Chloe: When I began my YouTube channel, it was when I lost my job after coming out as Trans. I began sharing as I felt like I was living this double life. In my day to day, I went to work (at my new job) and could never talk about being Transgender, in case I became unemployable.
This was fine at the beginning, but I began to feel ashamed of who I am as a result of it being necessary for me to keep who I am a secret. While being Trans is not my entire identity, I don't believe it's healthy for anyone to keep things completely secret like that. You start to walk on eggshells out of fear of being outed.
Monika: Do you get many questions from your followers? What do they ask for?
Chloe: Yes, I get a very wide range of questions.

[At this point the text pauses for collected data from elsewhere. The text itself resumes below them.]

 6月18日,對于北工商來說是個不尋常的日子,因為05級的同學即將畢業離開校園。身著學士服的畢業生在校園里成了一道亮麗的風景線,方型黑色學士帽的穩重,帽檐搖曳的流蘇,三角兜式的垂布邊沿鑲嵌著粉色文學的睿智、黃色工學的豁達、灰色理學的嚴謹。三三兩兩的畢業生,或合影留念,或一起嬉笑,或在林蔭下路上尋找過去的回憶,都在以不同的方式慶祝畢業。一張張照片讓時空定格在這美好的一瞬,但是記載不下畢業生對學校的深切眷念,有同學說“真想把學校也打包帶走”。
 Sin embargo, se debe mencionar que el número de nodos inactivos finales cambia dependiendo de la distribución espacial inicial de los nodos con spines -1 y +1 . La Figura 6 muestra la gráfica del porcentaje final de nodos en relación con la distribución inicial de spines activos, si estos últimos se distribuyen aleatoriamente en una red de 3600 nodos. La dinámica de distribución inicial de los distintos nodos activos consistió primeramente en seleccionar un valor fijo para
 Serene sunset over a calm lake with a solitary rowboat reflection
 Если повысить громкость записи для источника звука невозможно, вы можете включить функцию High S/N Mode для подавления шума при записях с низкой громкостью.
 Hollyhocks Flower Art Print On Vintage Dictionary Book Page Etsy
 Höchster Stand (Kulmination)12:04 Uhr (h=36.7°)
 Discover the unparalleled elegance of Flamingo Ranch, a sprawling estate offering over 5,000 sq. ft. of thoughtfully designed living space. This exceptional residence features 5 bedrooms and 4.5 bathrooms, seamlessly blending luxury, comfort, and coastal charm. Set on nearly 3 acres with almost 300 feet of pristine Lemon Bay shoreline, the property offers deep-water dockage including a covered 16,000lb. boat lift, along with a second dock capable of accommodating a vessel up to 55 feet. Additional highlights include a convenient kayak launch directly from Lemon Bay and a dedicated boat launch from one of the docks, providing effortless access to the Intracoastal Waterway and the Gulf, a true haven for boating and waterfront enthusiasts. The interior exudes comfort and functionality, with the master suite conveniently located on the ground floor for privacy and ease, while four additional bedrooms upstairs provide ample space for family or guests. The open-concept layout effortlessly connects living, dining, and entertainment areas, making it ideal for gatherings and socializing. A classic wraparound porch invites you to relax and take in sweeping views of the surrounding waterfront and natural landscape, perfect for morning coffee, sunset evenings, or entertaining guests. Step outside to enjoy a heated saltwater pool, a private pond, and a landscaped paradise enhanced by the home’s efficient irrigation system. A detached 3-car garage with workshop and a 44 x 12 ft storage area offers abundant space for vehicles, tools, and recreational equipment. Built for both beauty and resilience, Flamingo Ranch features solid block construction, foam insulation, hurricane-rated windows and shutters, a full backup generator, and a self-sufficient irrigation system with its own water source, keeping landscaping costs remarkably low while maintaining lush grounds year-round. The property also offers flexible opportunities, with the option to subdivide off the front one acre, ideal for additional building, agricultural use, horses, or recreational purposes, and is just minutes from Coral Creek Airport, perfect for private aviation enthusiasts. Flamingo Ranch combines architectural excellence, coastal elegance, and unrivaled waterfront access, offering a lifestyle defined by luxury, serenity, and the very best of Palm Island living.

From my Trans girls, it can be surgical questions, such as where I got my SRS done, or it can be dating-related.
I also get questions from men, but for the most part, my subscribers like to weigh in and give me their opinion on different subjects I discuss (this is something I encourage).
Monika: Your vlog is very unique, as there are only few trans girls that are so open about sex. For some reason, we are not supposed to talk about it, though we have the same needs as ciswomen.

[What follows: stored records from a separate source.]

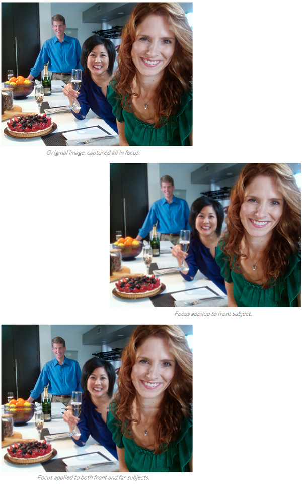 Inoltre il modulo può essere utilizzato anche come una fotocamera normale, con scatti a circa 8 megapixel e video Full HD a 30fps. Per quanto riguarda invece le funzionalità di messa a fuoco dopo lo scatto, la fotocamera riprende immagini con profondità di campo infinita, con tutti i soggetti a fuoco e poi si occupa di applicare il fuoco selettivo durante la visualizzazione delle immagini. In modo molto diverso da quanto accade della fotografia tradizionale è addirittura possibile mettere a fuoco due soggetti che si trovano a distanza differente dal punto di ripresa.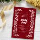 This corporate office holiday party invitation featuring white hand drawn winter foliage on a dark red background.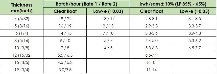 | Thickness mm(inch) | Batch/hour (Rate 1 / Rate 2) | kwh/sqm ± 10% (LF 85% – 65%) | ||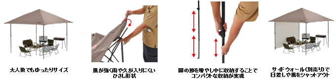 ■フレームを開くだけの簡単設営「インスタント バイザーシェード II/L (グレージュ)」
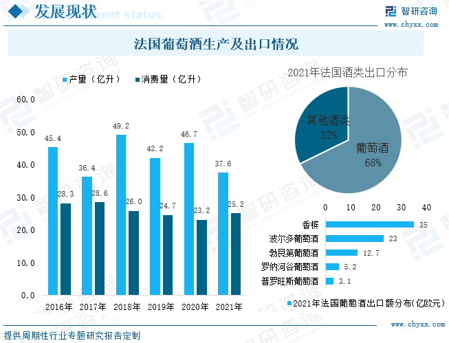 资料来源:OIV、法国葡萄酒和烈酒出口商联合会、智研咨询整理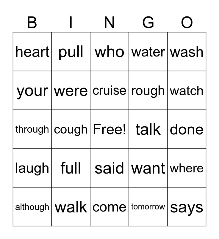 This bingo card has a free space and 24 words: full, walk, cruise, although, wash, heart, your, pull, talk, said, rough, through, want, where, were, tomorrow, done, who, watch, cough, says, laugh, water and come.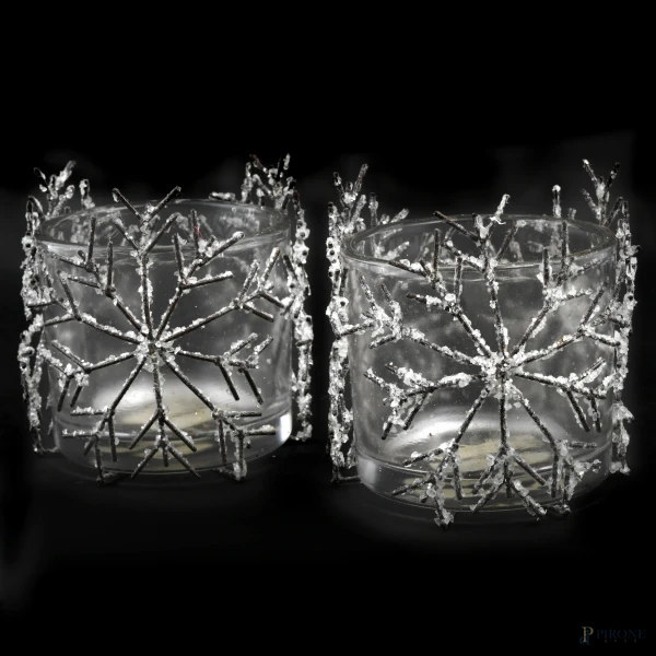 Coppia di portabottiglie in vetro con applicazioni a foggia di ramo innevato, altezza cm 12, (segni di usura)

Chloe: Yeah you're right, and I have had some pushback on it. I don't understand why, as I am talking about things that are completely natural. I try to talk about topics that I wish another trans woman spoke about while I was transitioning. I don't feel embarrassed being so open about sex, I think because when I get in front of the camera; I imagine I'm speaking with another trans woman (or a man who is into trans women).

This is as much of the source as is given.